> _AVAILABLE RECORDS_
****
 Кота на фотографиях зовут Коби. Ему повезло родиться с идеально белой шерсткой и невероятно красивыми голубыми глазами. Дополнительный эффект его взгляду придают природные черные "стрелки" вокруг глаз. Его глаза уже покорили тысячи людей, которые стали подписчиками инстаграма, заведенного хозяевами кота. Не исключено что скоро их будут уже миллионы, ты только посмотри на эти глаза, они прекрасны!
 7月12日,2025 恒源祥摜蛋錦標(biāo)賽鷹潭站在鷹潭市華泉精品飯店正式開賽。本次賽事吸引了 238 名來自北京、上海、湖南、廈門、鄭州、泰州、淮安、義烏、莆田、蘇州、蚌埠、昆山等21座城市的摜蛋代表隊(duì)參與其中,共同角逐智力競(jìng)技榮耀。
****
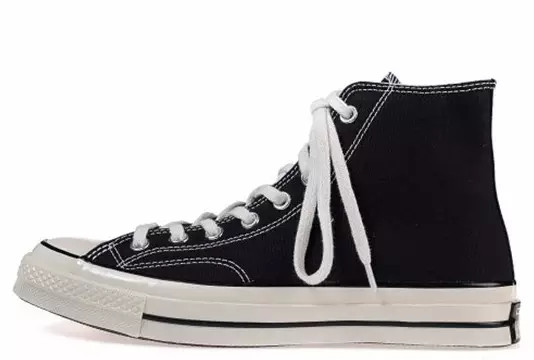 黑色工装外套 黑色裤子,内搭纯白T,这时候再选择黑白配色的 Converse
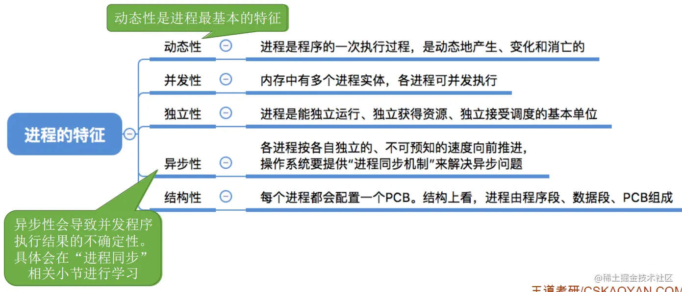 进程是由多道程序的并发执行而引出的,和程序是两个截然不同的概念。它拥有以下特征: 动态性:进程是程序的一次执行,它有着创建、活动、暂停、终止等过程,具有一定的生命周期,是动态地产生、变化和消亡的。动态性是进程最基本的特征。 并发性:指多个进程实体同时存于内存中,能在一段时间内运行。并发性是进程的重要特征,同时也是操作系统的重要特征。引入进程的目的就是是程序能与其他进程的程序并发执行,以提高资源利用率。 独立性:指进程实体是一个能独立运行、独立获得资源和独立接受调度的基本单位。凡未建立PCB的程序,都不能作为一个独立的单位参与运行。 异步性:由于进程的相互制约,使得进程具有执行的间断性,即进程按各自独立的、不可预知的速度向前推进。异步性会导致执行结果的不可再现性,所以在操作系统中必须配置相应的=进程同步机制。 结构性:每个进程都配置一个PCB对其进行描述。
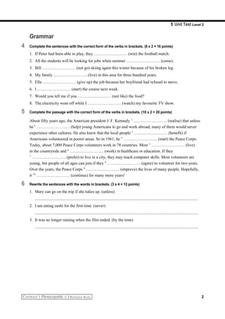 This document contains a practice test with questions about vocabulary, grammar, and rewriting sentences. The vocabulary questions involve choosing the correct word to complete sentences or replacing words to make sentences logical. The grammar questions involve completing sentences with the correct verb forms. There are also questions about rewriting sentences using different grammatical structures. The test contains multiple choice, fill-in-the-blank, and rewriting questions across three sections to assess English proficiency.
****
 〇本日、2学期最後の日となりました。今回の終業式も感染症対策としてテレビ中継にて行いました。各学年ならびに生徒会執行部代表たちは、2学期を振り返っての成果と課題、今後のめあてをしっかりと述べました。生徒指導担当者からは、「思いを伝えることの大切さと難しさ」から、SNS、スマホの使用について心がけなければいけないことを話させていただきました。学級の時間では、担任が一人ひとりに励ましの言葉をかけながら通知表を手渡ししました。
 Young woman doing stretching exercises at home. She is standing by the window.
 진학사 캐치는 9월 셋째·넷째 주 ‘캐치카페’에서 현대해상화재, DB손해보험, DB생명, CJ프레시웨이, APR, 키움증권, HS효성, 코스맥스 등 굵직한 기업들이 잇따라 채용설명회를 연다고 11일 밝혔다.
****
> _EXERCISE DETAILS_
Would you retype the lines above from the one with "Кота на фотографиях" down to the one with "7月12日,2025 恒源祥摜蛋錦標(biāo)賽鷹潭站在鷹潭市華泉精品飯店正式開賽。本次賽事吸引了 238", word for word, both ends included and no other lines?

> _WORKED SOLUTION_
 Кота на фотографиях зовут Коби. Ему повезло родиться с идеально белой шерсткой и невероятно красивыми голубыми глазами. Дополнительный эффект его взгляду придают природные черные "стрелки" вокруг глаз. Его глаза уже покорили тысячи людей, которые стали подписчиками инстаграма, заведенного хозяевами кота. Не исключено что скоро их будут уже миллионы, ты только посмотри на эти глаза, они прекрасны!
 7月12日,2025 恒源祥摜蛋錦標(biāo)賽鷹潭站在鷹潭市華泉精品飯店正式開賽。本次賽事吸引了 238 名來自北京、上海、湖南、廈門、鄭州、泰州、淮安、義烏、莆田、蘇州、蚌埠、昆山等21座城市的摜蛋代表隊(duì)參與其中,共同角逐智力競(jìng)技榮耀。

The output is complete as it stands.